Semiconductor fabrication continues to strive to make individual electronic components smaller and smaller, resulting in ever denser integrated circuitry. One type of integrated circuitry comprises memory circuitry where information is stored in the form of binary data. The circuitry can be fabricated such that the data is volatile or non-volatile. Volatile storing memory devices result in loss of data when power is interrupted. Non-volatile memory circuitry retains the stored data even when power is interrupted.
This invention was principally motivated in making improvements to the design and operation of memory circuitry disclosed in the Kozicki et al. U.S. Pat. Nos. 5,761,115; 5,896,312; 5,914,893; and 6,084,796, which ultimately resulted from U.S. patent application Ser. No. 08/652,706, filed on May 30, 1996, disclosing what is referred to as a programmable metallization cell. These patents are hereby incorporated by reference. Such a cell includes opposing electrodes having an insulating dielectric material received therebetween. Received within the dielectric material is a fast ion conductor material. The resistance of such material can be changed between highly insulative and highly conductive states. In its normal high resistive state, to perform a write operation, a voltage potential is applied to a certain one of the electrodes, with the other of the electrode being held at zero voltage or ground. The electrode having the voltage applied thereto functions as an anode, while the electrode held at zero or ground functions as a cathode. The nature of the fast ion conductor material is such that it undergoes a chemical and structural change at a certain applied voltage. Specifically, at some suitable threshold voltage, a plating of metal from metal ions within the material begins to occur on the cathode and grows or progresses through the fast ion conductor toward the other anode electrode. With such voltage continued to be applied, the process continues until a single conductive dendrite or filament extends between the electrodes, effectively metal interconnecting the top and bottom electrodes to electrically short them together.

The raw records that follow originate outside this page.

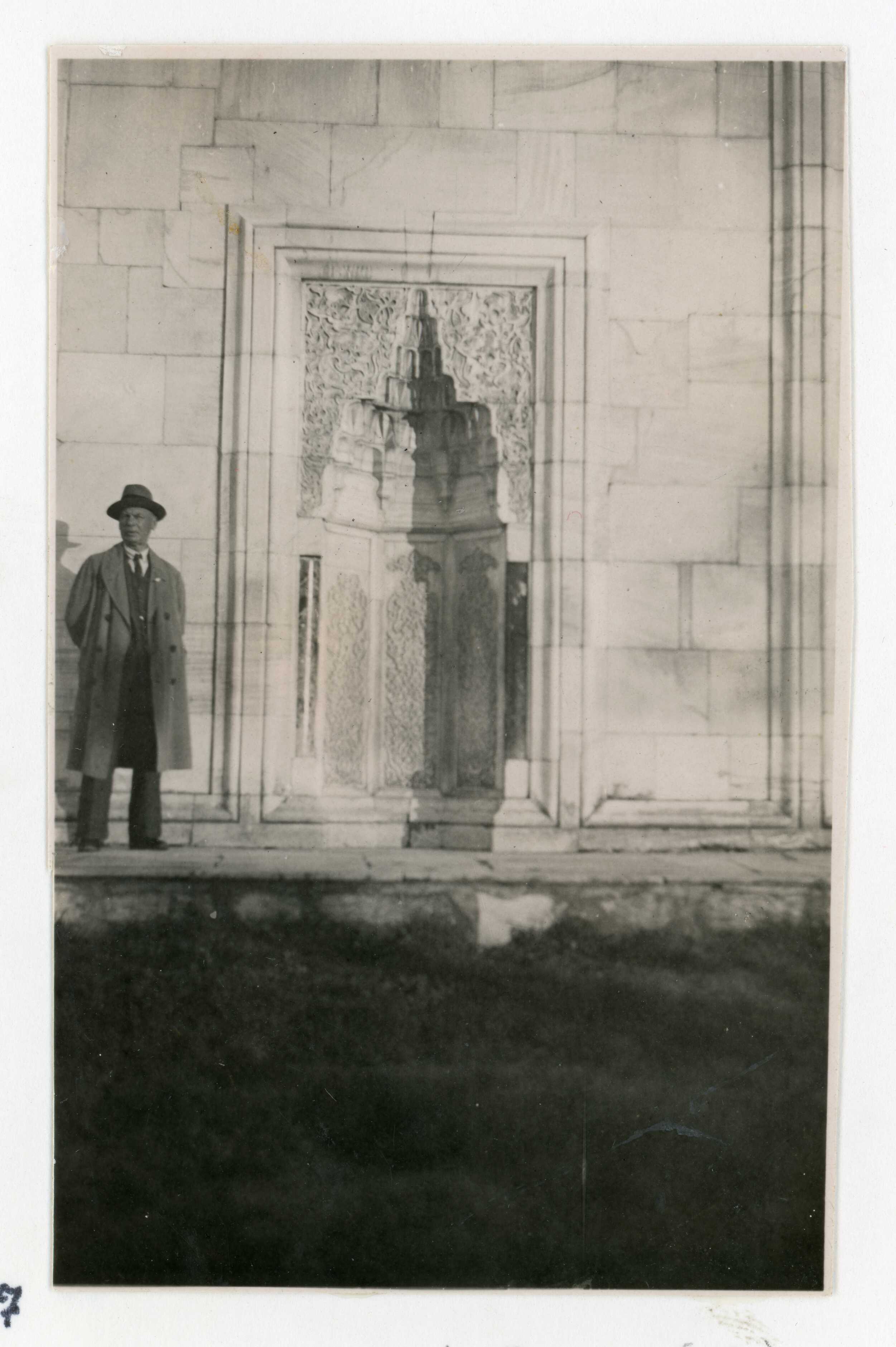 Bursa Yeşil Camii duvar detayı önünde Tevfik Bıyıklıoğlu
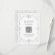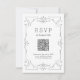 Design de cadre en volute orné d'élégance vintage en noir et blanc charbon. Motif damassé avec monogramme au dos, moderne, élégant et chic, parfait pour un mariage vintage, un mariage Art déco toute l'année. Couleur de fond modifiable pour correspondre aux couleurs de votre thème de mariage. Personnalisez votre propre carte de réponse QR code pour votre invitation de mariage.
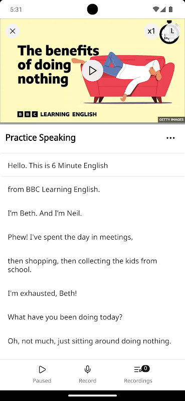 Fala: Pratique o acompanhamento - repetindo o que você ouve para melhorar a pronúncia e a fluência com uma lista de legendas. Você também pode gravar para ouvir de volta e, em seguida, melhorar seu sotaque e sua reflexão sobre a fala.

Once this occurs, dendrite growth stops, and is retained when the voltage potentials are removed. Such can effectively result in the resistance of the mass of fast ion conductor material between electrodes dropping by a factor of 1,000. Such material can be returned to its highly resistive state by reversing the voltage potential between the anode and cathode, whereby the filament disappears. Again, the highly resistive state is maintained once the reverse voltage potentials are removed. Accordingly, such a device can, for example, function as a programmable memory cell of memory circuitry.

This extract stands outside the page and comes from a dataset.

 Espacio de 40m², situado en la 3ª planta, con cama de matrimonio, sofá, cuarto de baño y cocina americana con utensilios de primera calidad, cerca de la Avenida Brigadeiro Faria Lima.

The preferred resistance variable material received between the electrodes typically and preferably comprises a chalcogenide material having metal ions diffused therein. A specific example is germanium selenide having silver ions diffused therein. The present method of providing the silver ions within the germanium selenide material is to initially chemical vapor deposit the germanium selenide glass without any silver being received therein. A thin layer of silver is thereafter deposited upon the glass, for example by sputtering, physical vapor deposition or other technique. An exemplary thickness is 200 Angstroms or less. The layer of silver is irradiated, preferably with electromagnetic energy at a wavelength less than 500 nanometers. The thin nature of the deposited silver enables such energy to pass through the silver to the silver/glass interface effective to break a chalcogenide bond of the chalcogenide material. This may form Ag2Se, which diffuses into the germanium selenide glass and effectively dopes the glass with silver. The applied energy and overlying silver ultimately result in the silver migrating into the glass layer such that a typical homogenous distribution of silver throughout the layer is achieved.

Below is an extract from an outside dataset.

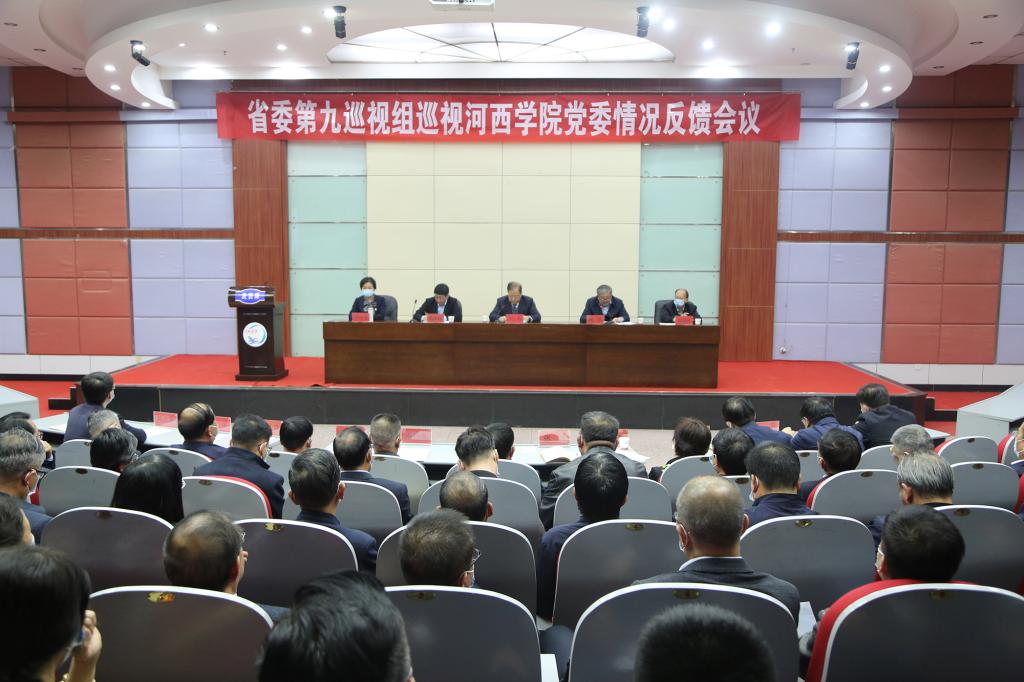 党委书记赵凯作表态发言。他指出,省委第九巡视组在充分肯定学校工作的同时,又严肃中肯地指出了学校工作中存在的问题和不足,提出了需要整改的意见和建议。这些问题,点的准,点的实,点的深,一针见血,切中要害,为我们敲响了警钟。这些意见,站位高,把脉准,要求严,对我们全面加强党的建设具有十分重要的现实指导意义。对巡视组的反馈意见,我们诚恳接受,将认真研究,不折不扣地抓好整改落实。一要切实提高政治站位,高度重视巡视整改问题。学校党委将深入学习贯彻习近平新时代中国特色社会主义思想,全面贯彻落实党的十九大和十九届二中、三中、四中、五中全会精神,贯彻落实习近平总书记对甘肃重要讲话和指示精神,始终把党的政治建设摆在首位,增强“四个意识”,坚定“四个自信”,坚决做到“两个维护”,认真学习、研究落实巡视组反馈意见,将整改落实工作作为当前和今后一个时期学校的重要政治任务抓紧抓好。二要切实增强使命担当,增强组织领导抓好巡视整改。学校党委将成立整改落实工作领导小组,对整改落实工作牵头抓总、全面负责;同时成立专项小组和督查组,紧扣省委巡视组反馈的问题,明确时间表、路线图、责任人,迅速落实整改。针对广大教职员工反映强烈和影响学校改革发展的突出问题,开展专项督查,努力解决好涉及教职工切身利益的突出问题。三要切实落实两个责任,强化措施推进巡视整改。学校党委将突出引领示范,切实履行巡视整改主体责任,党委书记履行第一责任人职责,对整改落实负总责;班子成员要把自己摆进去,深入抓好职责分工范围内的整改任务落实。各基层党组织、各单位、各部门负责人为第一责任人,全面落实学校整改要求,形成同频共振、聚焦发力、攻坚克难的工作局面。纪检监察部门加强巡视整改监督,督促抓好整改落实。四要切实突出问题导向,聚焦主责主业抓好整改。学校党委将把巡视整改作为重要契机,落实各项整改任务,推动学校高质量发展,确保“十四五”开好局、起好步,以优异成绩庆祝建党100周年。
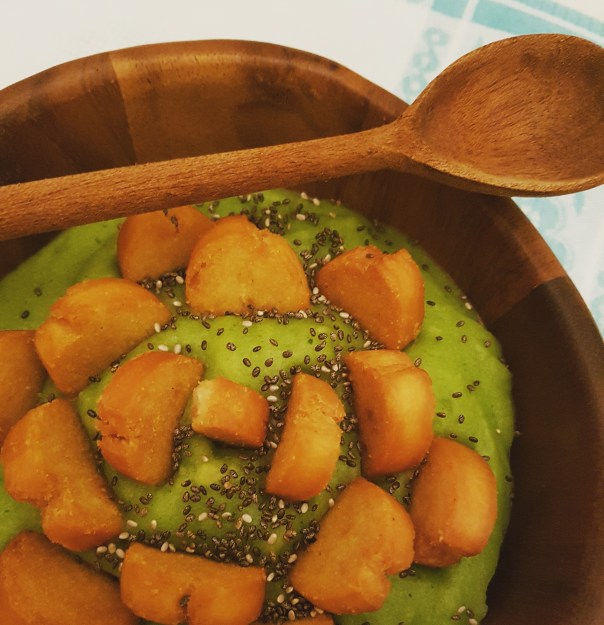 Ed ecco il risultato! Un purè verde sgargiante saporito, con aggiunta di crostini e semi di chia ♡.

Saturation of silver in germanium selenide is apparently at about 35 atomic percent. Yet, preferred existing technology for cell fabrication constitutes a concentration which is less than 35%, for example 27%.
After the chalcogenide material is provided with silver to a desired concentration, the top electrode material (typically silver) is next deposited. Subsequently, insulating dielectric layers, such as doped glasses and interlevel dielectric layers are deposited, as are conductive metal interconnect layers. Formation of the conductive metal layers after formation of chalcogenide device components typically results in the substrate being exposed to high temperatures. Unfortunately, this can adversely effect properties of the chalcogenide devices.
It would be desirable to overcome or at least reduce this problem. While the invention was principally motivated in overcoming this problem, it is, in no way so limited. The artisan will appreciate applicability of the invention in other aspects unrelated to the problem, with the invention only being limited by the accompanying claims as literally worded and as appropriately interpreted in accordance with the doctrine of equivalents.